Баба Яга сосчитала палочки, связала их и тут же исчезла за этой вязанкой. Вязанка двинулась, но, кажется, не в ту сторону: вместо того, чтоб удаляться, она стала приближаться ко мне.

Терем-теремок, кто в тереме живет? Я здесь живу. Заходите, гостями будете.

— Ты гляди, — удивляется Баба Яга. — Никак я заблудилась?

— Это бывает, — говорю я. — Я и сам заблудился, полсвета обблудил, пока домой попал.

— В жизни оно — знаете как, — вздыхает Баба Яга, усаживаясь на вязанку.

— В жизни как в жизни, — согласно киваю я.

Шаг. Остановка. Еще шаг. Остановка. Я протаптываю свою тропинку и разговариваю с Бабой Ягой.

— Ходишь?

— Хожу.

— Ты бы ко мне зашел, если ходишь. Я тут рядом, в лесу.

Я объясняю, что мне некогда, что мне надо ходить по кругу. Туда идти, потом обратно, потом опять туда. Потому что повторение — это мать учения.

— Я и сама мать, я понимаю, — вздыхает Баба Яга. — Только трудное наше дело, материнское. Дети-то нынче знаешь какие пошли?

Баба Яга рассказывает о своих детях. Уехали они от нее и даже писем не пишут.

— Ничего, я еще до них доберусь, — говорит Баба Яга. — Я с них шкуру спущу, с окаянных. Пусть знают, что мать — это мать…

Мать — это мать. Действительно, лучше не скажешь.

— Мне-то самой много ли надо? Все ведь для них, иродов, чтоб им свету божьего не видать, чтоб им подавиться собственными костями!

Ладушки, ладушки, где были? У бабушки…

Пусть поговорит старушка, пусть поговорит. Видно, не с кем ей горем своим поделиться.

— Ты бы все же ко мне зашел, а? Посидели б, попили чайку. Я б тебе все как есть рассказала…

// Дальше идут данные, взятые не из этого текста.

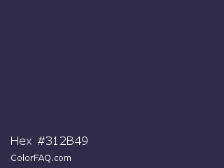 Hex #312b49 Color is a dark indigo color and the nearest color is Martinique #363050. Hex code #312b49 and RGB value is rgb(49,43,73). In RGB color space, this color is composed of 19% red, 17% green, 29% blue, In CMYK color space, this color is composed of 33% cyan, 41% magenta, 0% yellow , 71% black , In HSL color space, this color has a hue angle of 252° , 26% saturation and 23% lightness.

— Да нет, я уж лучше здесь, у себя дома. Все-таки у себя — это у себя.

— Что правда, то правда.

Она встает и скрывается за своей вязанкой.

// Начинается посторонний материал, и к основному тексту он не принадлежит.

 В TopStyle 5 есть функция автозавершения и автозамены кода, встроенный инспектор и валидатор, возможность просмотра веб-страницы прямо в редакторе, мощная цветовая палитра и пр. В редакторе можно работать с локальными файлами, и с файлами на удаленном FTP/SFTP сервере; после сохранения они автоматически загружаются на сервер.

— Ну ладно, пойду и я к себе. У меня еще изба не метена, ступа не чищена…

Я протаптываю свою тропинку. Я иду по своим следам — в одну сторону, потом в другую, и этому не видно конца.

Шаг. Остановка. Еще шаг. Остановка.

Жили-были три солдата. Вот и сказочка начата. Жили-были три павлина. Вот и сказки половина. Жили-были три гуся. Вот и сказочка вам… вся? Как бы не так: я поворачиваюсь и иду в обратную сторону.

Рассказать вам сказку про белого бычка?

Я БЫЛ ТАРПАНОМ

Я был тарпаном. Нас был целый табун, и мы неслись по степи, перемахивая через холмы и овраги. Земля пролетала у нас под ногами, и мы были свободны от нее, от земли, и от неба, стынущего над головой, и от скучного долга возвращаться домой, на конюшню. У нас не было дома, у нас ничего не было, чем стоило дорожить на земле.

Мы неслись между степью и солнцем, испепеляющими друг друга вечным жаром любви, а может быть, ненависти. Мы неслись между двумя огнями, как стрела, пущенная нам вслед, или пуля, летящая нам навстречу. И на закате, когда, изнемогая, солнце и степь склонялись друг к другу, мы одни не чувствовали усталости.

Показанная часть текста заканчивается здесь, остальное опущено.